Mukherjee, in his own keynote, argued that even though Linux has achieved dominance in the server and virtualization markets, there is a "discontinuity [...] at the boundary where the host and the network meet" and argued "that the host without the network will not survive". In other words, proprietary hardware and software in the network threaten free software in the server. Even though some manufacturers are already providing a "Linux interface" in their hardware, it is often only some sort of compatibility shell which might be compared with the Ubuntu compatibility layer in Windows: it's not a real Linux.

Mukherjee pushed this idea further by saying that those companies are limiting themselves by not using the full Linux stack. He presented Linux as the "top vehicle for innovation" that provides a featureful network stack, citing VXLAN, eBPF, and Quagga as prime features used on switches. Mukherjee also praised the diversity of the user-space Linux ecosystem as something that commercial alternatives can't rival; he compared the faster Linux development to the commercial sector where similar top features stay in the beta stage for up to 3 years.

Because of its dominance in the server market, consumers are expecting a Linux-like interface on their networking gear now, which means Linux could be the standard interface all providers strive toward. As a Debian developer, I can't help but smile at the thought; if there's one thing we have not been able to do among Linux distributions, it's pretty much standardize user space in a consistent interface. POSIX is old and incomplete, the FHS is showing its age, and most distributions have abandoned LSB. Yet, the idea is certainly enticing: there is a base set of tools and applications, especially for the Linux kernel, that are standardized: iproute2, ethtool, and iptables are generally consistent across distributions, even though each distribution has its own way of using them.

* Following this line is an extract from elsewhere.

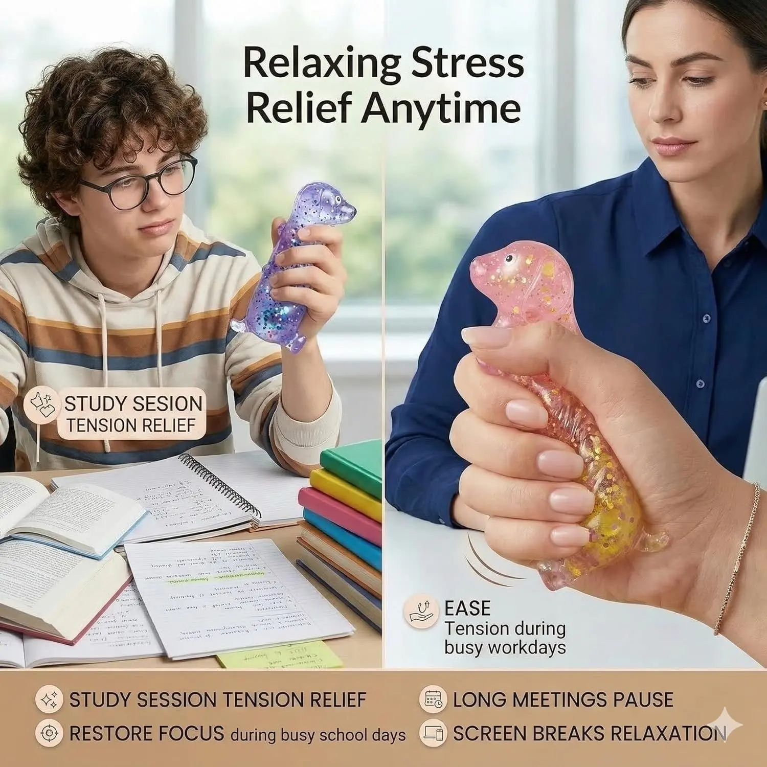 【Stress Relief】: Ideal for anxiety relief, this squishy toy helps calm nerves during home office travel.

Yet Linux is not dominant, why? Mukherjee identified the problem as "packaging issues" and listed a set of features he would like Linux to improve:

  • Standardization of the ethtool interface. The idea is to make ethtool a de-facto standard to manage switches and ports. Mukherjee gave the example that data centers spend more money on cables than any other hardware and explained that making it easier to identify cables is therefore a key functionality. Getting consistent interface naming was also a key problem identified by numerous participants at the conference. While systemd tried to fix this with the predictable network interface names specification, the interface names are not necessarily predictable across virtual machines or on special hardware; in fact, this was the topic of the first talk of the conference. ethtool also needs to support interfaces that run faster than 1 Gbps, something that still has limited support in Linux at the moment.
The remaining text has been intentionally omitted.